At the same time, Samsung was spending record billions to saturate the airways with ads mocking iPhone users and depicting itself as the only true innovator, a message even the tech industry began regurgitating right up until Samsung unveiled its Galaxy S4 with underwhelming features that failed to dazzle the audiences it had prepared for Broadway-class showmanship.
Samsung's record billions of dollars in advertising and promotion had even convinced the tech media that Apple had at some point become the largest producer of phones in the world, and that Samsung was a scrappy underdog heroically fighting to stop the iPhone from tyrannizing Chinese workers and monopolizing the smartphone business.
This lead to reporters agreeing with each other that Samsung had recently "won back the lead" in phone sales from Apple. In reality, while Apple's iPhone rapidly became the most popular smartphone model in many global markets, Apple has never dominated the mobile industry in unit sales, not by a long shot. Apple has only ever led the mobile industry in profits and in the acrimonious critical scorn of pundits.
No other product ramp in the history of technology has been so maligned, browbeaten, slandered and falsely accused than Apple's iOS platform. From incredulous competitors who insisted at its unveiling that it was simply a hoax to analysts who spread stories that the original iPhone's new screen would suddenly decay after a few months, every successive model of iPhone and iPad has been viciously attacked as flawed, incompetent and the likely subject of a massive recall prior to each achieving record sales: from supposedly failing Infineon 3G chips in the iPhone 3GS to iPhone 4's AntennaGate to scathing criticism of iPhone 4S's Siri and iPhone 5's Maps.
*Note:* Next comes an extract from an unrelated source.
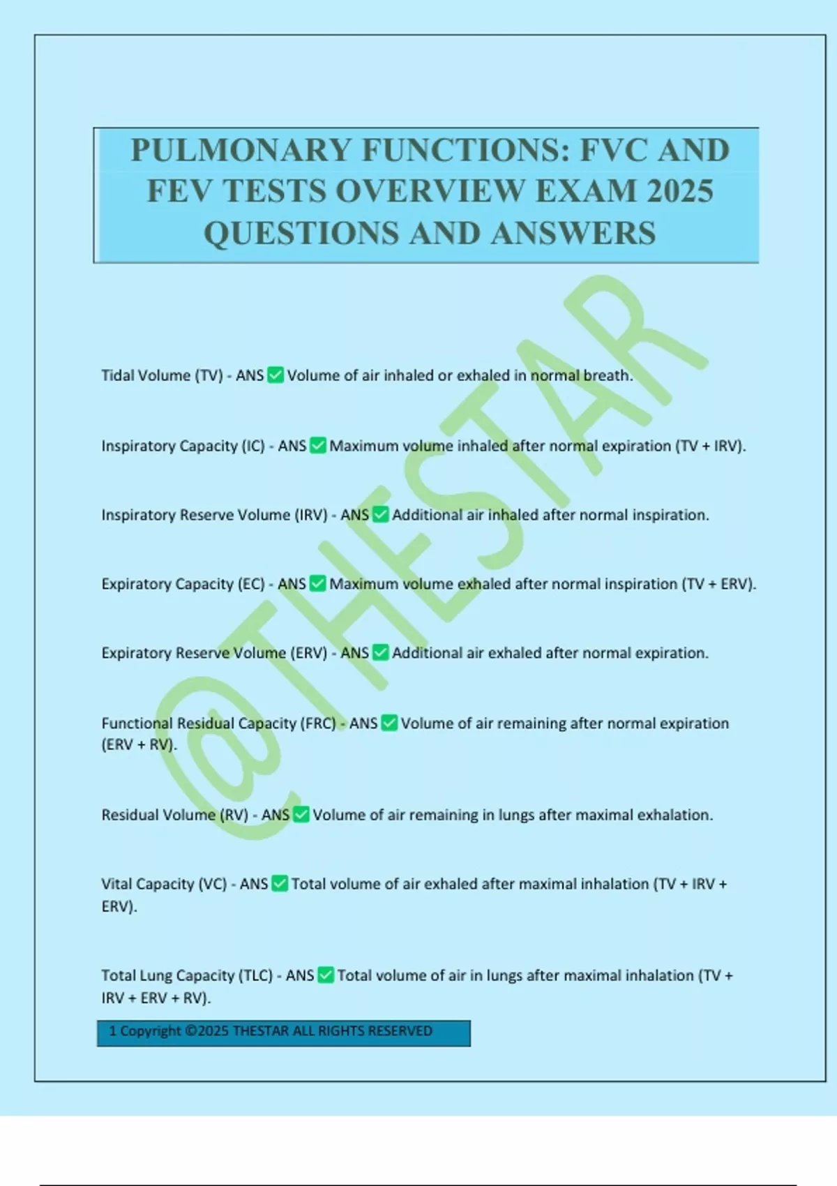 Total Lung Capacity (TLC) - ANS Total volume of air in lungs after maximal inhalation (TV +

On top of that, groups like Greenpeace misleadingly attacked Apple's leadership in environmentally sustainable manufacturing and operations, while major news outlets followed a one man show supposedly depicting the company's callous indifference to human rights and worker exploitation, two areas where Apple had long been working to improve things not only among its own suppliers, but in setting an example for its competitors to follow.
If the history of Apple's iPhone were accurately captured in a film, audiences would likely find the story completely unbelievable and simply walk out of the theater. And yet, as things play out in the real world, despite the company now accounting for the majority of profits in both the PC and mobile industries, the market has plunged Apple's valuation to 52-week lows in apparent anticipation that its stricken competitors might reanimate themselves and start actually competing with the company.
This is the context Apple has faced while working to transition its chip supply from Samsung to a new fab that doesn't threaten to use its own investments in production against it as a competitor.